Information provided |
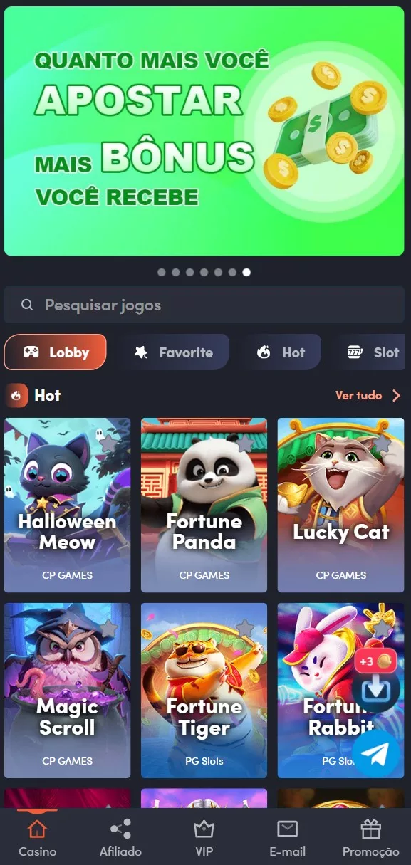 LoginBaixarCadastre-seNotíciasAfiliadoSobre nósPromoçõesFale conoscoConvidar amigosTermos e CondiçõesJogo Responsável
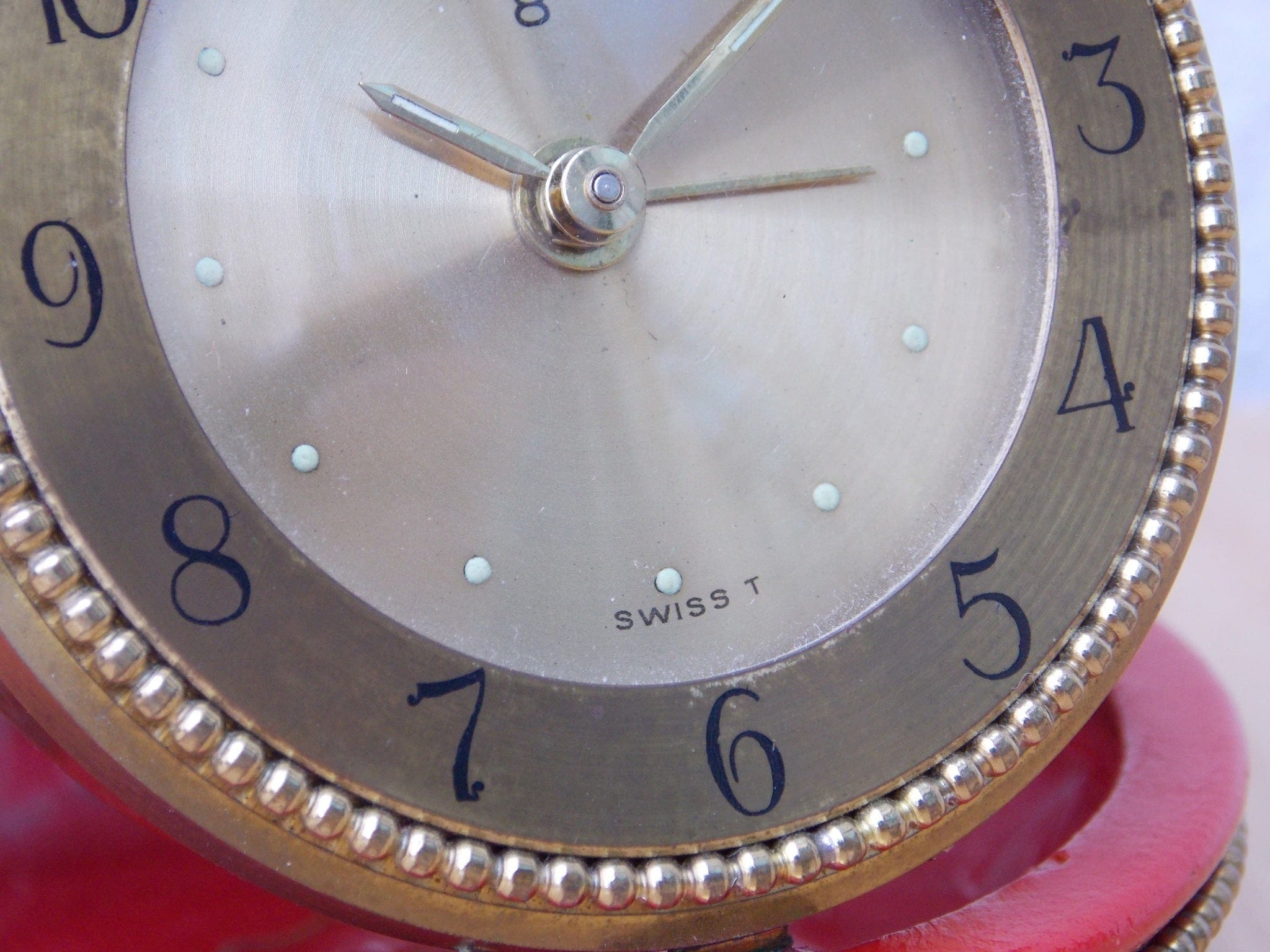 Another Swiza charmer. If the great color of this little red Swiss beauty doesn't seal the deal, the row of brass beading framing the case and the face certainly does. 8-day wind up, alarm, luminescent number markers, fold up case, excellent quality, vintage condition is very good.
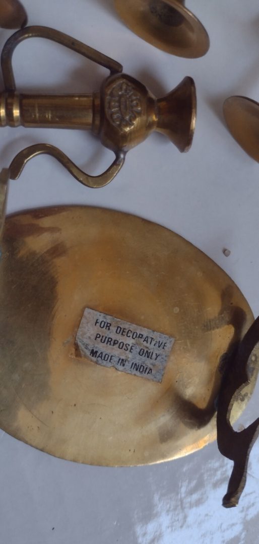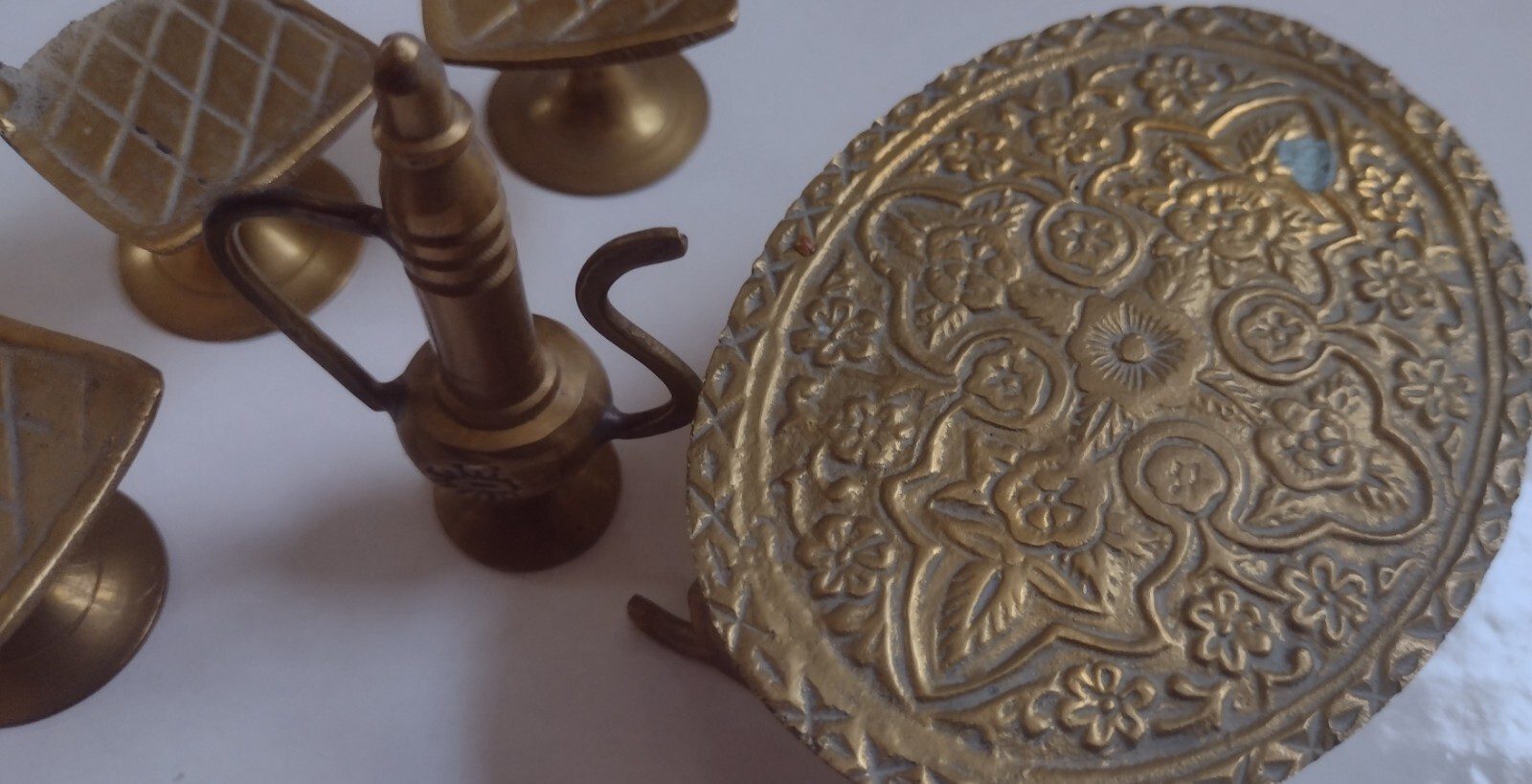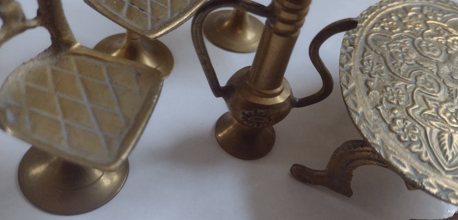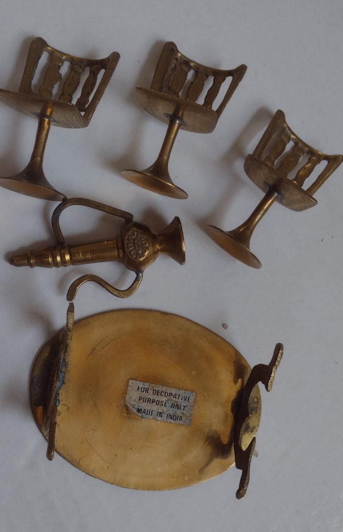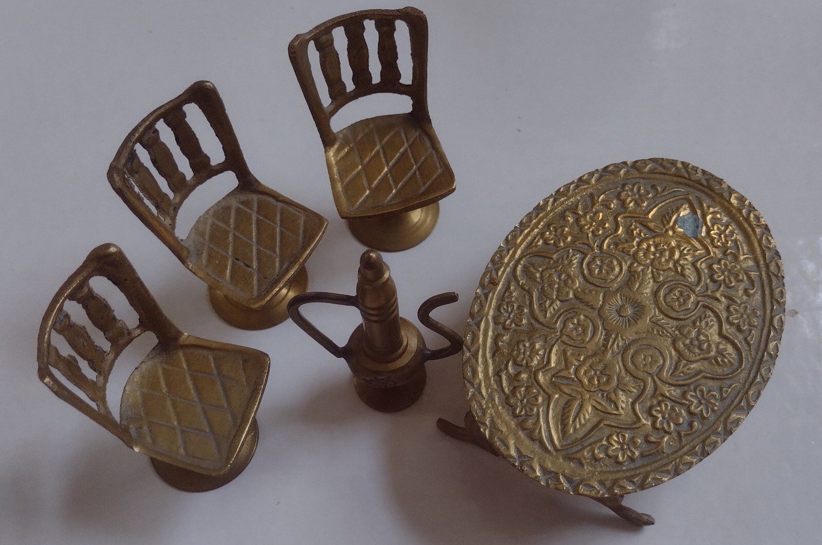 "All Brass, Made in India marked.(Size approximately Table 92 mm & 66 mm High 29 mm , chair 60 mm x 32 mm, Serving vast 64 mm x 38 mm total 5 pcs...) Doll House Table Chairs & Serving vast.. Doll House Miniatures for Collection Fairy Garden Display India Coffee Pitcher Chalices."
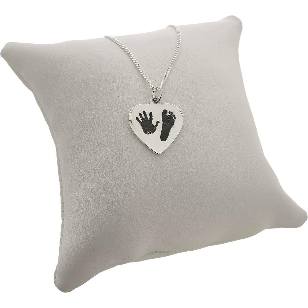 Sometimes, simple is the most elegant. Capture your loved ones hand and/or footprint in an engraved sterling silver heart shaped pendant for a truly personal gift to be treasured a lifetime. Available in 3 sizes.
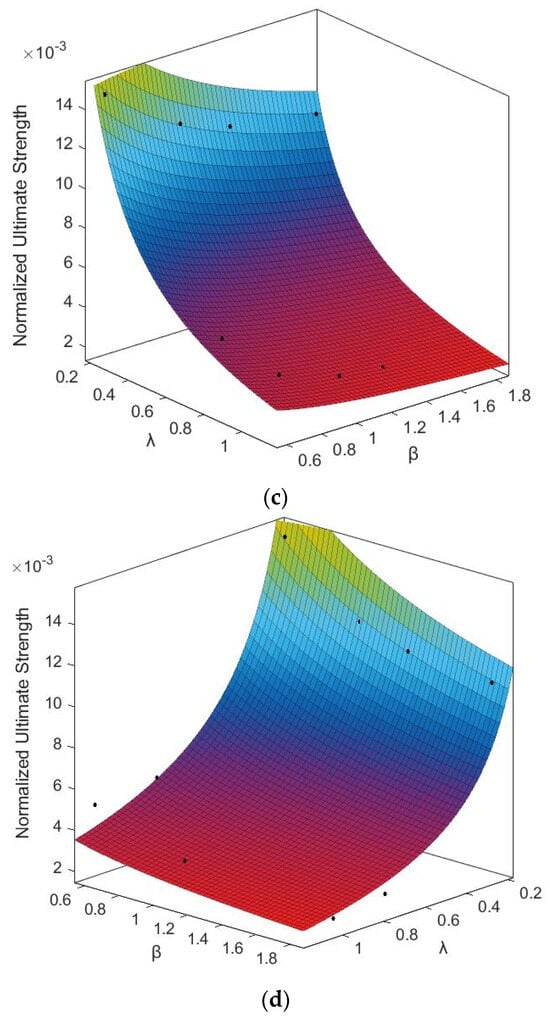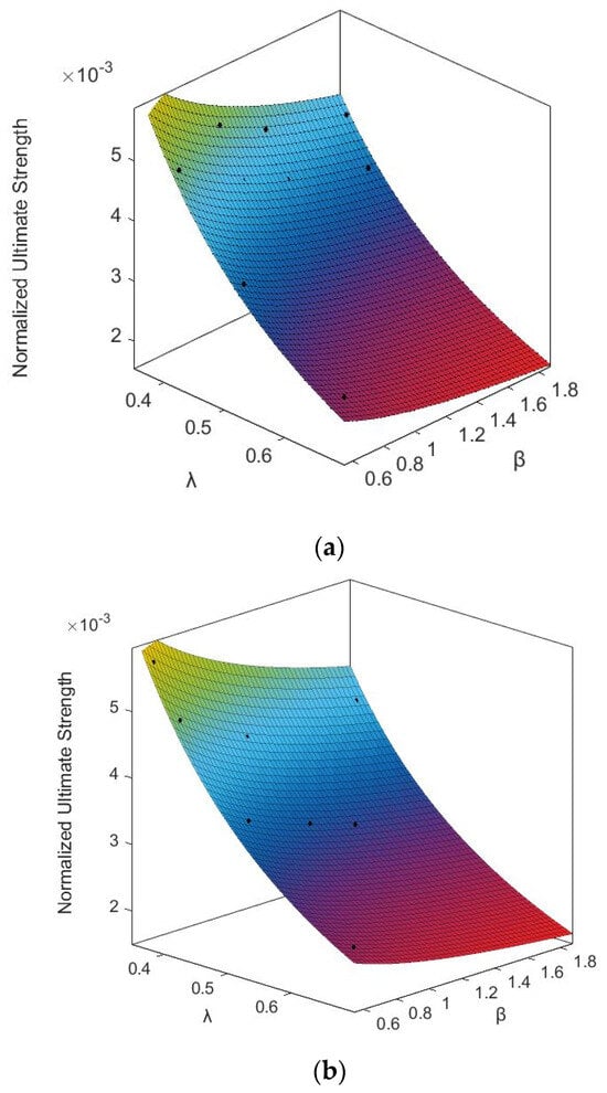 Based on the form of Equation (6), the empirical formula for predicting the lateral ultimate strength of the doubly curved stiffened is expressed as follows. To consider the effect of the curvature in longitudinal and transversal directions, the coefficients are replaced by a series of rational low-order polynomial functions. The basic form of the empirical formula is shown in Equation (8), and functions , , and are expressed in Equations (9)–(11), where the parameters , , and denote the influences of the curvature.

What needs to be done | Copy the listing exactly but drop its images.

Result for this task |
 LoginBaixarCadastre-seNotíciasAfiliadoSobre nósPromoçõesFale conoscoConvidar amigosTermos e CondiçõesJogo Responsável
 Another Swiza charmer. If the great color of this little red Swiss beauty doesn't seal the deal, the row of brass beading framing the case and the face certainly does. 8-day wind up, alarm, luminescent number markers, fold up case, excellent quality, vintage condition is very good.
 "All Brass, Made in India marked.(Size approximately Table 92 mm & 66 mm High 29 mm , chair 60 mm x 32 mm, Serving vast 64 mm x 38 mm total 5 pcs...) Doll House Table Chairs & Serving vast.. Doll House Miniatures for Collection Fairy Garden Display India Coffee Pitcher Chalices."
 Sometimes, simple is the most elegant. Capture your loved ones hand and/or footprint in an engraved sterling silver heart shaped pendant for a truly personal gift to be treasured a lifetime. Available in 3 sizes.
 Based on the form of Equation (6), the empirical formula for predicting the lateral ultimate strength of the doubly curved stiffened is expressed as follows. To consider the effect of the curvature in longitudinal and transversal directions, the coefficients are replaced by a series of rational low-order polynomial functions. The basic form of the empirical formula is shown in Equation (8), and functions , , and are expressed in Equations (9)–(11), where the parameters , , and denote the influences of the curvature.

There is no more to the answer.